THE GENESIS OF SOIL
Soil is not only a support for vegetation, but it is also the zone (the pedosphere) of numerous interactions between climate (water, air, temperature), soil life (micro-organisms, plants, animals) and its residues, the mineral material of the original and added rock, and its position in the landscape
Soil mainly had its origin from rock collectively with animal and vegetable decay, if you are able to guess long stretches or time period when great rock masses were crumbling and breaking. Heat energy, water action, and friction were mostly causative for this. By friction here is meant the rubbing and grinding of rock mass against rock mass. Think of the large rocks, a perfect chaos of them, breaking, scraping, settling against each other. What would be the outcome? Well, I am sure you all could work that out. This is what happened: pieces of rock were worn off, a good deal of heat energy was raised, pieces of rock were pushed together to build new rock masses, some parts becoming dissolved in water. Why, I myself, almost feel the stress and strain of it all. Can you?
Then, also, there were great alterations in temperature. First everything was heated to a high temperature, then gradually became cool. Just think of the cracking, the crumbling, the upheavals, that such alterations must have caused! You know some of the effects in wintertime of sudden freezes and thaws. But the small instances of bursting water pipes and broken pitchers are as nothing to what was going on in the world during those days. The water and the gases in the air helped along this crumbling work.
From all this action of rubbing, which action we call mechanical, it is easily understandable how sand was formed. This corresponds one of the great divisions of soil sandy soil. The coasts are great masses of pure sand. If soil were nothing but broken rock volumes then indeed it would be very poor and fruitless. But the early types of animal and vegetable life decomposing became a part of the rock mass and a better soil resulted. So the soils we talk of as sandy soils have merged with the sand other matter, sometimes clay, sometimes vegetable matter or humus, and often animal waste.
Clay takes us to different category of soils clayey soils. It happens that certain parts of rock masses got dissolved when water trickled over them and heat was enough and ample. This dissolution occurred largely because there is in the air a gas called carbon dioxide or carbonic acid gas. This gas attacks and changes contents in rocks. Sometimes you see great rocks with parts holding up looking as if they had been eaten away. Carbonic acid did this. It changed this eaten part into something else which we call clay. A change like this is not mechanical but chemical. The difference in the two forms of change is just this: in the one case of sand, where a mechanical change went on, you still have just what you started with, save that the size of the mass is smaller. You started with a large rock, and ended with little particles of sand. But you had no dissimilar kind of rock in the end. Mechanical action might be exemplified with a piece of lump sugar. Let the sugar act a big mass of rock. Break the sugar, and even the smallest bit is sugar. It is just so with the rock mass; but in the case of a chemical action you begin with one matter and end with another. You started with a big mass of rock which had in it a part that became altered by the acid working on it. It finished in being an totally different thing which we call clay. So in the case of chemical process a certain something is started with and in the end we have an totally different thing. The clay soils are frequently called mud soils because of the quantity of water used in their formation.

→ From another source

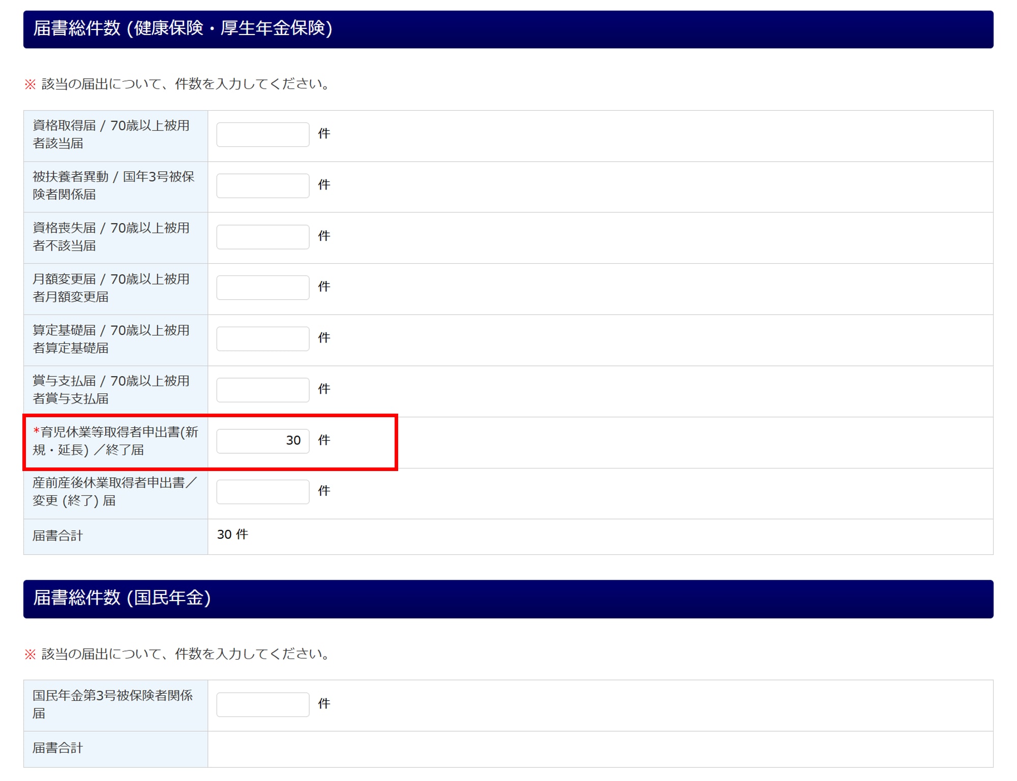 「育児休業等取得者申出書(新規・延長)/終了届」に申請する被保険者数を入力します。

The third sort of soil which we farm people have to deal with is lime soil. Remember we are looking on soils from the farm’s viewpoint. This soil of course ordinarily was formed from limestone. Even as shortly as one thing is referred about which we know nothing, another comes up of which we are just as uninformed. And so a whole string of queries follows. Now you are probably saying within yourselves, how was limestone first formed?
Ages ago the lower animal and plant forms picked from the water particles of lime. With the lime they formed frames or houses about themselves as protection from larger animals. Coral is representative of this class of skeleton-forming animal.
As the animal perished the skeleton persisted. Great volumes of this living matter pressed all together, after ages, formed limestone. Some limestones are still in such condition that the shelly formation is still viewable. Marble, a different limestone, is somewhat crystalline in quality. Another familiar limestone is chalk. Maybe you’d like to know a way of always being able to tell limestone. Drop a bit of this acid on some lime. See how it bubbles and fizzles. Then drop some on this chalk and on the marble, too. The same bubbling takes place. So lime must be in these three structures. One doesn’t have to purchase a particular acid for this work, for even the home acids like vinegar will cause the same result.
Then these are the three types of soil with which the farmer has to handle, and which we wish to understand. For one may learn to know his garden soil by analyzing it, just as one learns a lesson by study.